Saloperie de Covid... Une grosse rature sur mon agenda - et oui, je suis de la vieille école qui note encore au crayon sur papier daté. IFB sont bien rayés de la carte cette semaine. Et donc, cette année.. Nous aurions dû, nous autres afficionados de cette compétition hors norme, pointer nos bouts de nez enfarinés, à peine réveillés, en ce mercredi matin des vacances de la toussaint. C'était devenu une habitude. Si bien, peut-être, qu'on ne mesurait plus notre chance, depuis quelques années, de n'avoir qu'à prendre le métro ou la bagnole pour voir toute la planète badminton débarquer dans notre jardin de Coubertin. Nous réchauffer d'un petit thé ou café dans la salle de la badminton expérience, toujours si froide mais aussi chaleureuse par ses retrouvailles quotidiennes d'une semaine seulement. Entendre les premiers volants et leur magnifique écho dans cette salle, volée au Hand des Qataris pour l'occasion. Voir que, même si tôt, les premiers fans sont là, le billet à la main, à faire la queue dans le froid automnale pour venir voir les stars - ou les copains-, venir en découdre.

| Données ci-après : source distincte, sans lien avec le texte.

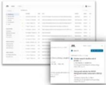
Web and Web Importer

Mendeley is available on many platforms and powerful when used with databases and word processing program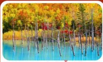
บลูพอนด์ (บ่อน้ำสีฟ้า)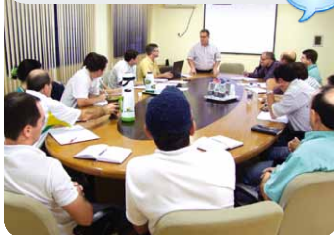
Presidente da Copercampos esteve participando da abertura do encontro

Durante o dia 25 de março, os chefes das unidades da Copercampos estiveram reunidos para debater o andamento dos trabalhos nas filiais e setores da cooperativa.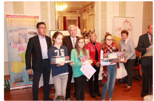
Les promues collège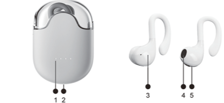
1.ランプです 2.充電口です 3.位置をタッチします 4.音声出力です 5.充電触点です

Même les joueurs, la semaine dernière au Danemark, avaient souvent un gentil mot pour moi, en disant qu'ils étaient déçus de ne pouvoir venir en France, à Paris. Car eux, comme tous ceux qui gravitent dans la planète badminton, aiment ce tournoi. Une institution. Presque un Roland Garros du bad, même si le statut de Super 750 ne lui confère pas tout à fait celui de "Grand Chelem", réservé logiquement et traditionnellement au All England, à la Chine et a l'Indonésie. Dans le coeur des participants, il fait parti des tournois préférés, c'est sûr. Au détour d'une conversation avec l'un des officiels de la Fédération Internationale, aussi, j'entends comme le tournoi est apprécié aussi pour son professionnalisme. Son "savoir-faire". Et c'est vrai que Coubertin est devenu un fief du badminton international. Et que, à part des pissotières d'un autre âge aux odeurs toujours douteuses, on regrette presque tout de l'ambiance, de l'endroit, des sourires que l'on croise, comme tous ces visages familiers, que l'on ne voit finalement qu'une fois par an. Je me demande ce qu'une version "masquée" eut donné. Plus de bises dans les couloirs, plus de serrage de main. C'eût été tristounet, mais sans doute mieux que rien. Car, forcément, cette semaine, on se sent un peu cons, au bureau derrière notre ordi, après avoir passé une nuit presque normale, sans cernes ni mille choses qui nous trottent dans la tête pour tout ce que nous avions l'habitude de faire pendant ces quelques jours.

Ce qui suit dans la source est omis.